By Darryl Gove on Apr 12, 2007
The training workloads in CPU2006 are pretty good. Surprisingly, as pointed out in the paper, SPEC didn't have to change many of the workloads to make this happen. This supports the hypothesis that generally programs run through the same code paths regardless of the input.
What I like about this work is that it provides a way of assessing training workload quality. This directly addresses one of the concerns of some people about using profile feedback for optimisation: whether the selected training workload is going to be a bad choice for their actual workload.

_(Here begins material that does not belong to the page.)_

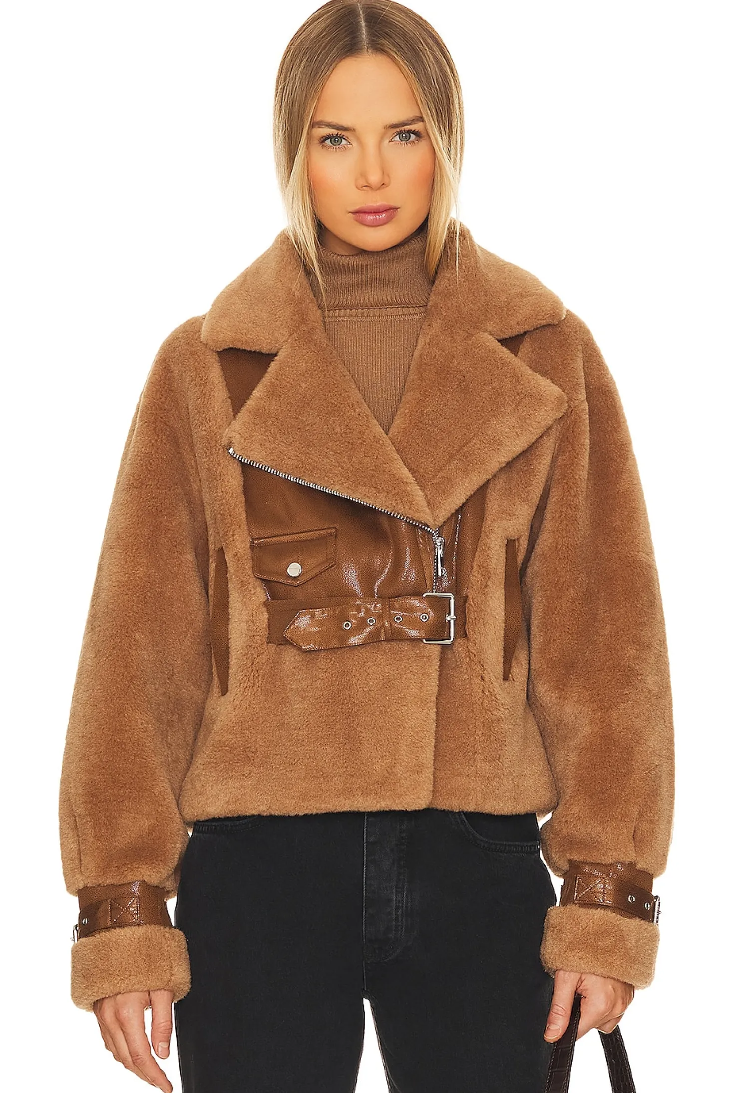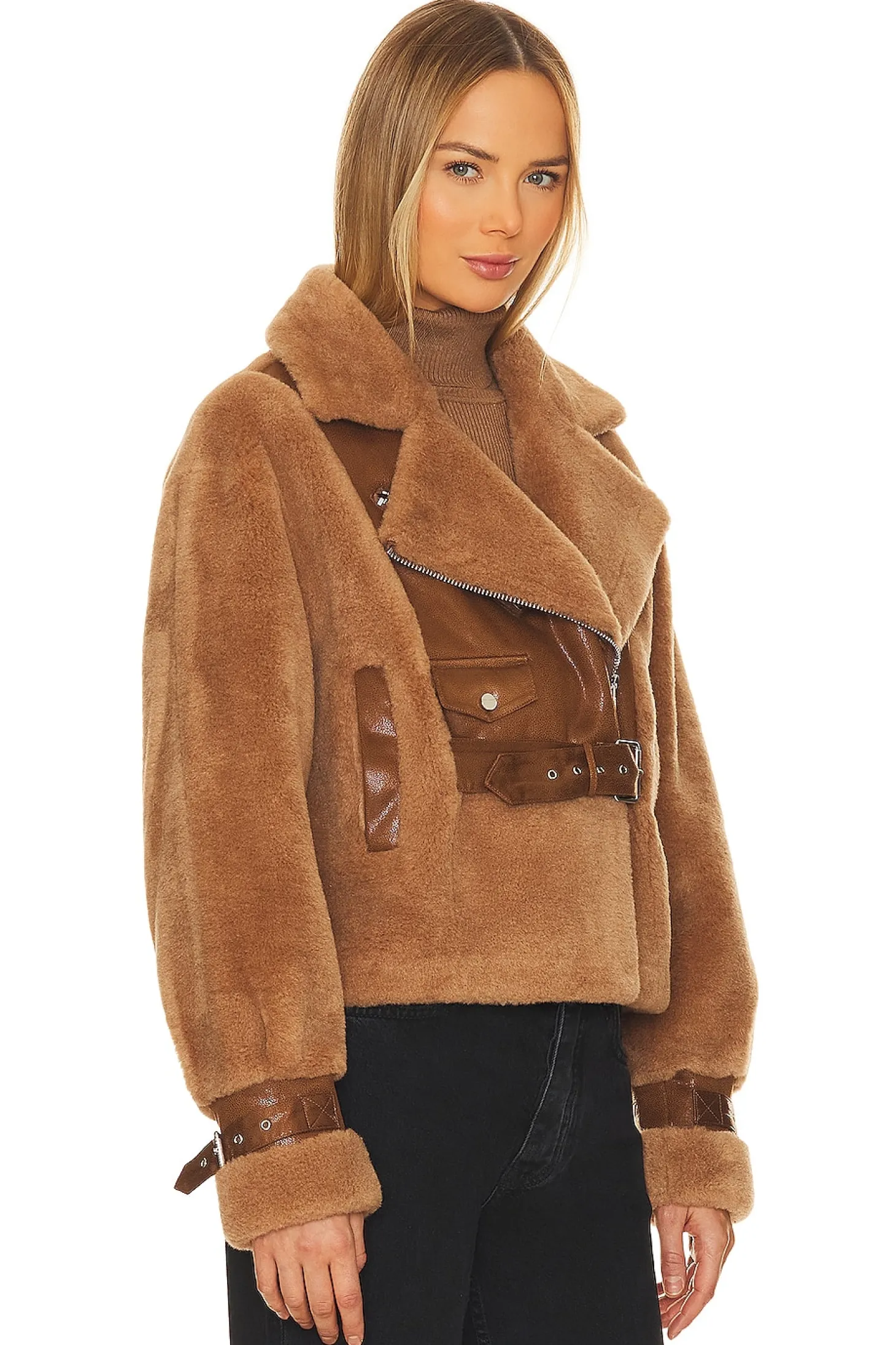 100% polyester.Made in China.Dry clean only.Front zipper closure.Attached waist belt with buckle closure.4-pocket styling.Belted cuffs.Faux fur fabric.The coziest faux fur jacket, designed to keep you warm from the chalet to the city.

In terms of the methodology, it's tempting to think that the best test would be to measure performance before and after. That particular approach was rejected because the performance gain is a function of both the quality of the training workload, and the ability of the compiler to exploit that workload (together with a fair mix of whether there is anything the compiler can do to improve performance even with the knowledge). So a performance gain doesn't necessarily mean a good quality training workload, and the absence of a gain doesn't necessarily mean a poor quality training workload.
The final metrics of code coverage and branch behaviour are about as hardware/compiler independent as possible. It should be possible to break down any program on any hardware to a very similar blocks even if the instructions in those blocks end up being different. So the approach seemed particularly good when evaluating cross platform benchmarks.
For those interested in using this method, there's a pretty detailed how-to guide on the developer portal.